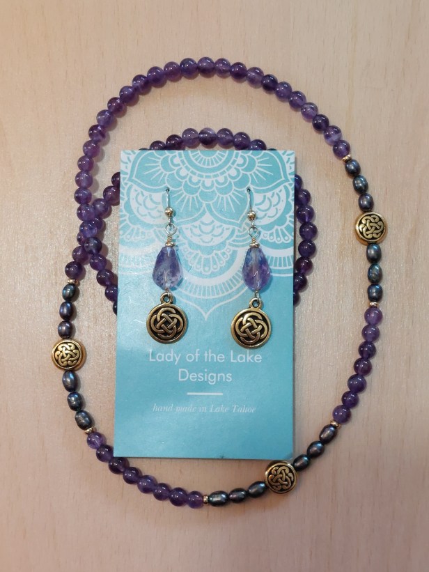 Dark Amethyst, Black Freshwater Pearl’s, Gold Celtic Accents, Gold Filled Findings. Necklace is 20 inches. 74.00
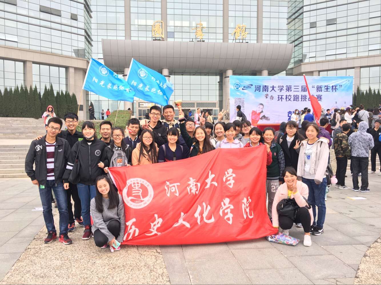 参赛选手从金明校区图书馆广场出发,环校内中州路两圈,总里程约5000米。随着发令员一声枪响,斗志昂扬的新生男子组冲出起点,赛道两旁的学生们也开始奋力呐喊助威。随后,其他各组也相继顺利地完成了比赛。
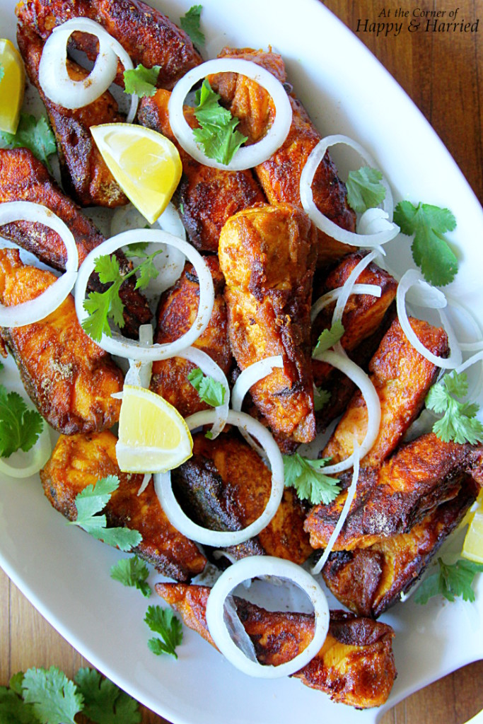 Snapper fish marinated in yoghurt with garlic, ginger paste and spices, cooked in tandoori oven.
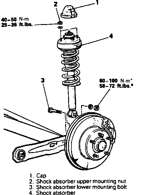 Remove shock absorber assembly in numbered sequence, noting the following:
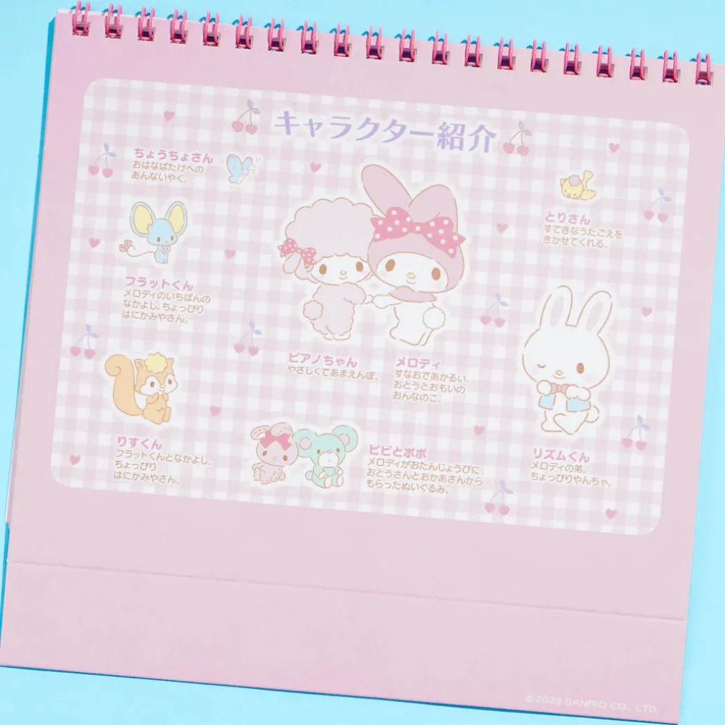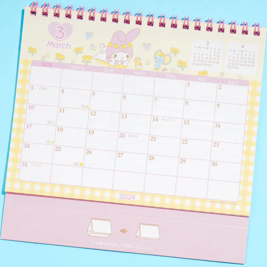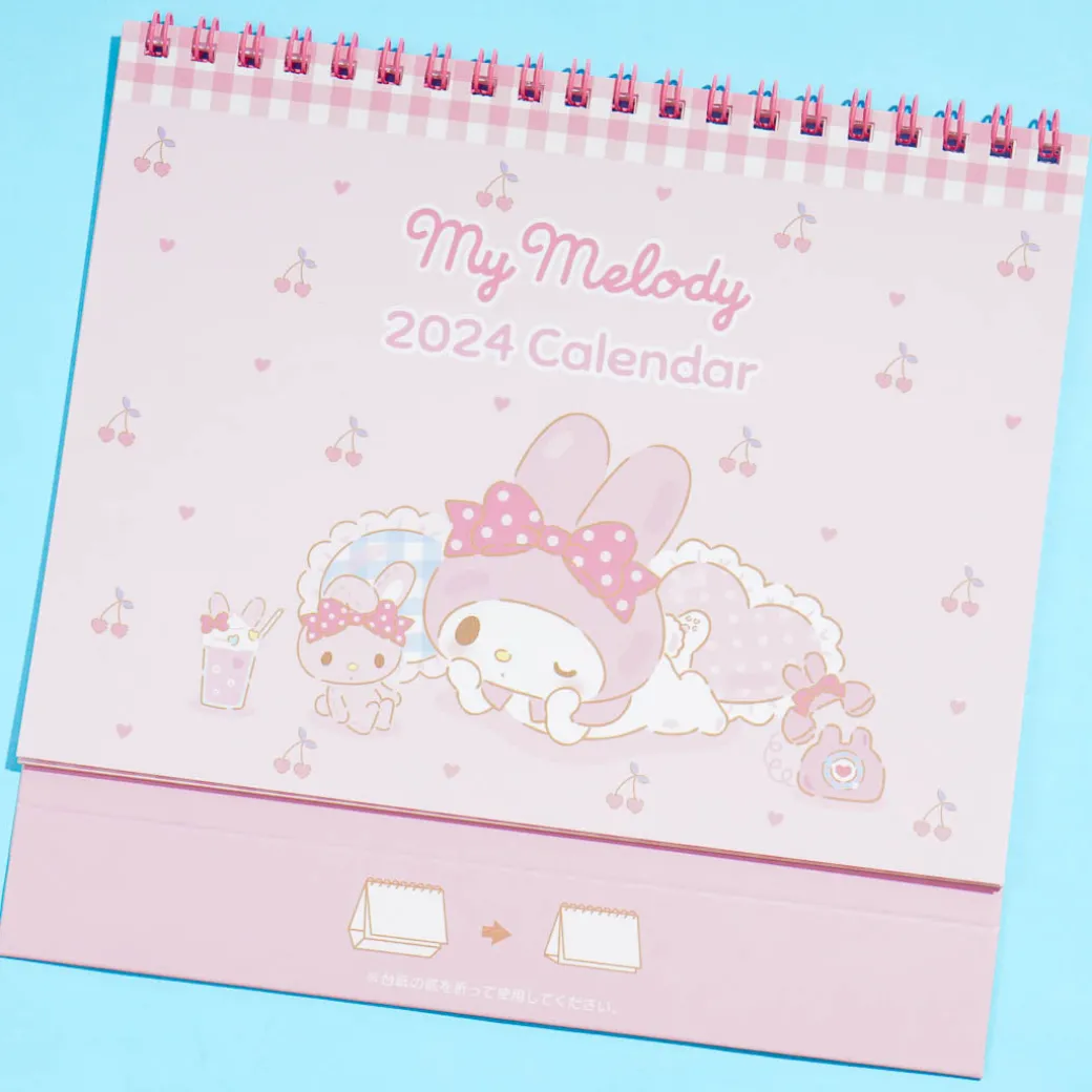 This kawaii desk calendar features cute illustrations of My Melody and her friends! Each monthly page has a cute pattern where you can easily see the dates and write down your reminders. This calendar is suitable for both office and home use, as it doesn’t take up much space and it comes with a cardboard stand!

--

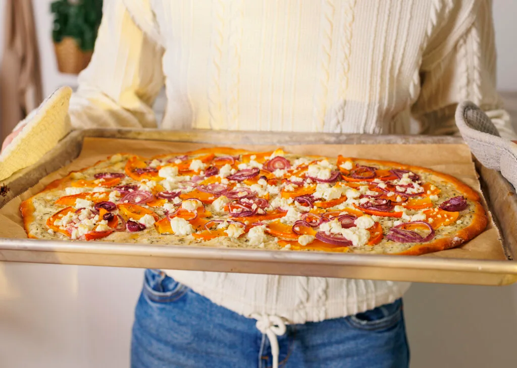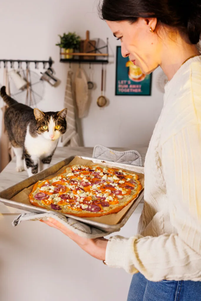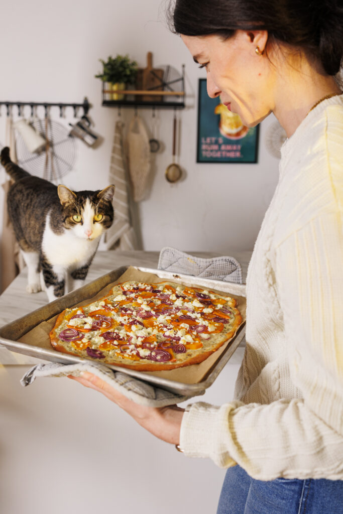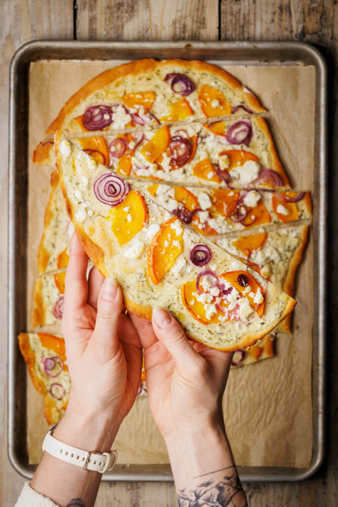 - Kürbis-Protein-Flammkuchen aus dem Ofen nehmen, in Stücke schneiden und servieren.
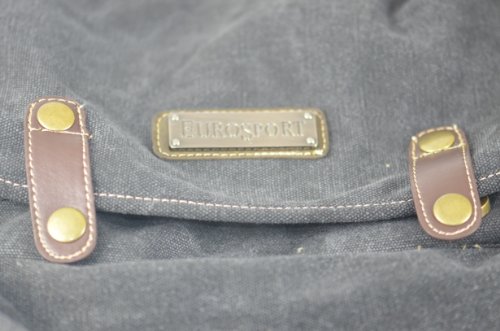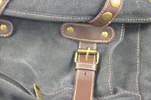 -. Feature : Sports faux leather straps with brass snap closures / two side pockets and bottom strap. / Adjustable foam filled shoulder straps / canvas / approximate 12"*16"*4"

--

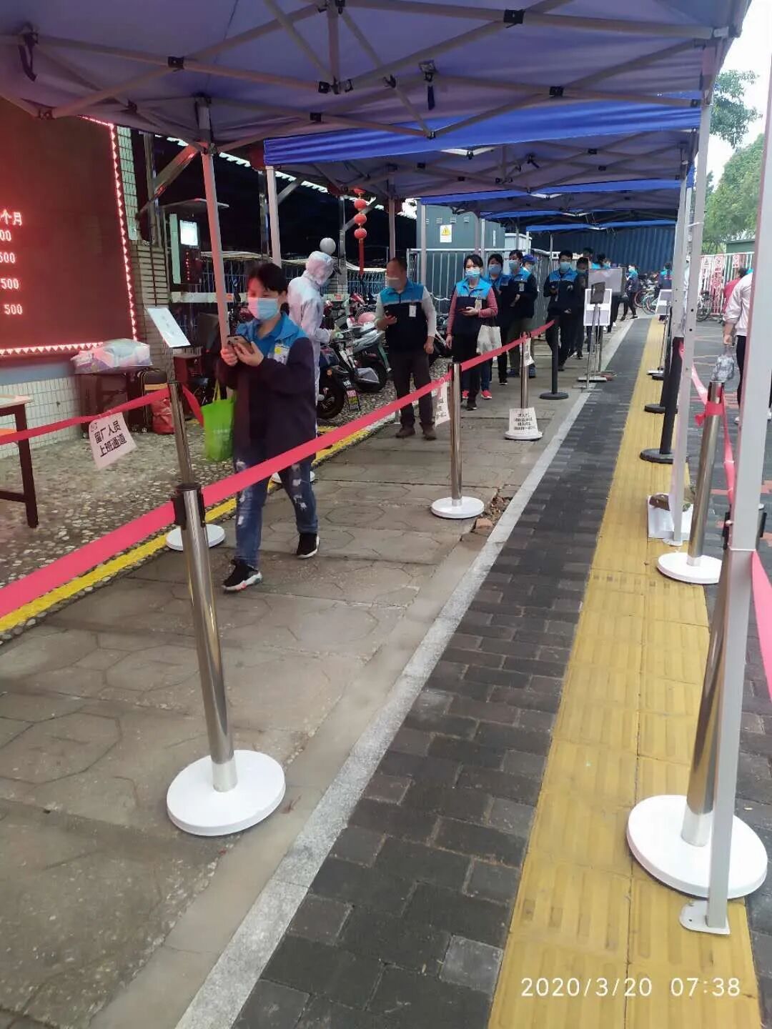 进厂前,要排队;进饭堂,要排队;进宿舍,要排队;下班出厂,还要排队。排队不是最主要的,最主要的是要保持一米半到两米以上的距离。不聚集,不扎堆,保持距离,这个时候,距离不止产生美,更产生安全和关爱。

= ACTIVITY =
Would you copy, word for word, only the lines above from the one containing "参赛选手从金明校区图书馆广场" through the one containing "Remove shock absorber", both included, and please leave out the pictures?

= WRITTEN RESPONSE =
 参赛选手从金明校区图书馆广场出发,环校内中州路两圈,总里程约5000米。随着发令员一声枪响,斗志昂扬的新生男子组冲出起点,赛道两旁的学生们也开始奋力呐喊助威。随后,其他各组也相继顺利地完成了比赛。
 Snapper fish marinated in yoghurt with garlic, ginger paste and spices, cooked in tandoori oven.
 Remove shock absorber assembly in numbered sequence, noting the following:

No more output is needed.